If you run your office exclusively and regularly from your home - that is, you perform all the administrative tasks for your business there - then you may be able to claim a home office deduction.
"Previously, someone like a plumber, who may have run his office from home and had a secretary there, could not take this deduction because he provided goods and services outside the home," said Degen. "Of course, the IRS realized the inequity there and changed the rules."
Now, this hypothetical plumber could deduct his home office costs, provided he had no offices elsewhere and he used the home office on a regular basis.
4.) Expense new equipment under IRS Section 179.
Whether they work with computers or lawnmowers, small business owners normally write off the cost of equipment as it depreciates over the years. But IRS Section 179 allows you to write off up to $24,000 in equipment costs at once, provided you elect it the first year you put the asset in service.
You must have made enough to qualify for this deduction; you can't elect Section 179 if the deduction creates a net operating loss. There's one other limitation - if you buy more than $200,000 worth of equipment, it reduces your 179 election dollar-for-dollar.
Got it? Here's an example. "Luke and Jane are married taxpayers, and each owns a separate business," said Connie Kurtz, an enrolled agent at Taxmasters, Inc., a tax and accounting services firm in Rockville, Md. "He buys $75,000 in assets; she buys $130,000. In total, they bought and placed $205,000 of assets into service. Since the maximum limit is $200,000, they reduce their 179 by $5,000. So the couple can't take the entire 179 exclusion of $24,000, but the reduced amount of $19,000."
But hey, if you do qualify, go ahead and write off that new dentist's chair. The cap is set to rise to $25,000 after 2002.
5.) Keep track of where you drive.
Make sure you properly account for the mileage on your automobiles, Degen said. If you use your car for business purposes, you're entitled to take 34.5 cents per mile of business travel.
Most people don't bother to keep adequate travel logs and receipts. But keeping track is worth it - the amount can add up.
6.) Open a retirement plan.
Putting funds away in a retirement plan like a Simple IRA, a Keogh plan or a SEP plan reduces your taxable income.
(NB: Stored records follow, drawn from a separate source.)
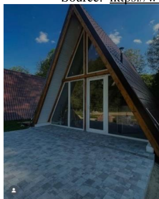
Figura 7. By The Forest Valea Verde Hut

Source: https://www.facebook.com/transylvanialogcabins/ [19]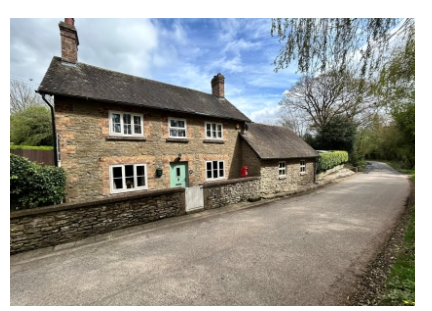
Brookside, Brockton, Much Wenlock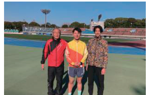
Joint practice with the SEISA Kokusai High School Shonan Athletics Club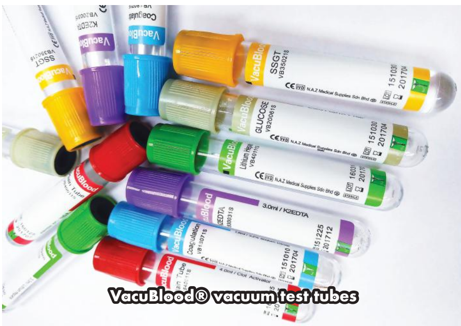
VacuBlood® vacuum test tubes

N.A.Z Medical Supplies provides medical essentials ranging from test tubes and glassware to PPEs, surgical masks and consumables.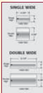
1400 - 1500 Series Door Sizes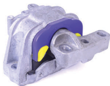
Figure 4 - showing all polyurethane inserts fitted inside the upper engine mount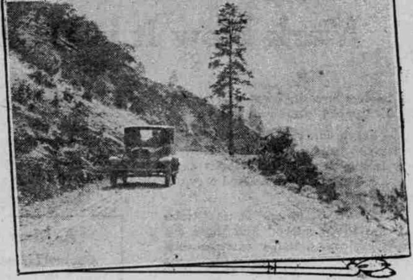
Between Sisson, which is almost under Mount Shasta, and Shasta Springs traverses the Pacific highway for much of the distance a beautiful wooded country of great fir trees.

The pavers have been held back by wet weather, so are about a month behind in paving the Columbia river highway from Cascade Locks to Hood River.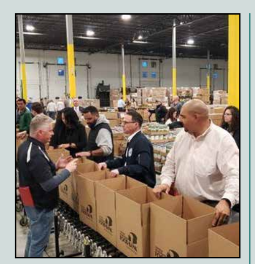
Volunteering with Gov. Josh Shapiro at our local food bank!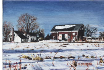
Barker Farm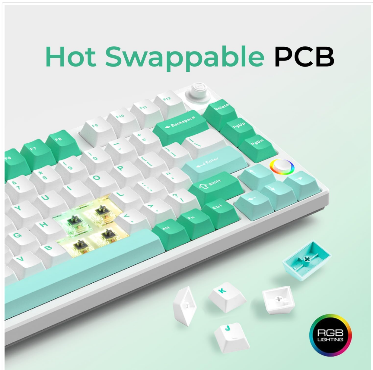
Image: The KEYMECHER KS75T keyboard with keycaps and switches removed, demonstrating its hot-swappable feature.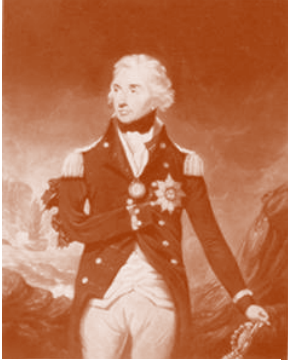
Lord Horatio Nelson (1758 - 1805)

Phila. Assoc. for Critical Thinking 639 W. Ellet Street Philadelphia, PA 19119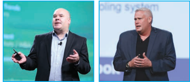
Fall Conference speakers sharing knowledge with attendees

Today's hyperscale facilities continue to place efforts on design models involving common elements such as diesel engine generators and traditional UPS systems. These elements are often designed to provide extended off-grid runtime, reaching a point of diminishing returns. The presenters will discuss new battery storage technology for data centers and the application of incorporating the technology for backup power and power conditioning into hyperscale facilities. Integration of the battery storage system technology will be discussed on a technical level as well as the associated design challenges and schedule drivers.

There are deadlines throughout the year to establish certain types of retirement plans, so make sure you keep track of the calendar.
A Keogh plan allows you to put away up to 25 percent of your gross income, a SEP plan permits 15 percent, and a Simple IRA allows up to $6,000.
You can open multiple plans, but there are some limitations. There is a cap on the amount that you can end up putting into pension plans - you can't put away more than $35,000 in a SEP or Keogh or more than $6,000 in a Simple IRA, said Bergmann.
7.) Deduct part of your medical and long-term care premiums.
Self-employed folks can deduct 60 percent of long-term care premiums and/or 60 percent of their medical premiums from gross income, said Kurtz. Just keep in mind that in order to take the deduction, you need to have income on Schedule C.
"Both limits are set to rise to 100 percent in 2003," Bergmann added. "The provision was put into place for small business owners who could not otherwise itemize their taxes and would have lost any possible deduction for medical expenses."